Russian forces are trying to press forward and capture the key strategic city of Pokrovsk in eastern Ukraine, Kyiv‘s military said.
Vladimir Putin’s troops are aiming to conclude a months-long campaign to seize the strategic railway hub and capture the whole of the Donetsk region while his negotiators stall peace talks.
The Ukrainian General Staff said its forces still held the northern part of Pokrovsk, a city with a pre-war population of 60,000, and were also defending the smaller city of Myrnohrad nearby.
But Ukrainian open-source researchers DeepState said Russian infantry were moving into the northern part of Pokrovsk and attempting to push further toward the nearby village of Hryshyne.
The group, whose map showed nearly all of Pokrovsk and much of Myrnohrad to be under Russian control, described the current fighting as “the last battles” for the two cities.
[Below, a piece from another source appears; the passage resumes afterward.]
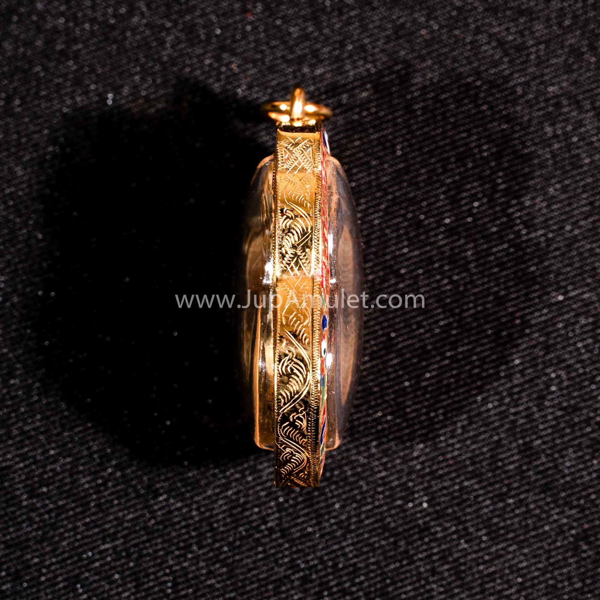 หลวงพ่อรวย เลื่อนสมณศักดิ์ ปี 2559 กะไหล่ทอง ลงยาฟ้า พร้อมเลี่ยมกรอบทองคำแท้ ลงยาสุโขทัย

The battlefield update comes as the Russian aerial onslaught of missiles and drones continued over Ukraine, killing a mother and child among six people over the past day.
The 10-year-old boy and his mother, 41, were killed in the town of Bohodukhiv in the eastern Kharkiv region, after Moscow launched a wave of attacks targeting the country’s east and south.
Russia’s Lavrov accuses Trump of backtracking on Alaska agreement
Russia has accused the Donald Trump administration of not implementing the agreements between Vladimir Putin and the US president in Alaska.
Sergei Lavrov, the Russian foreign minister, said the US had backtracked on what he called the “Anchorage agreements” between Trump and Putin during their meeting in August last year.
He suggested the US had told Russia it could get Ukraine to give up the whole of the Donbas region in order to end the fighting – something Kyiv had previously ruled out.
“They tell us that the Ukrainian issue needs to be resolved. In Anchorage, we accepted the proposal of the US,” Lavrov told Russian TB Brics yesterday.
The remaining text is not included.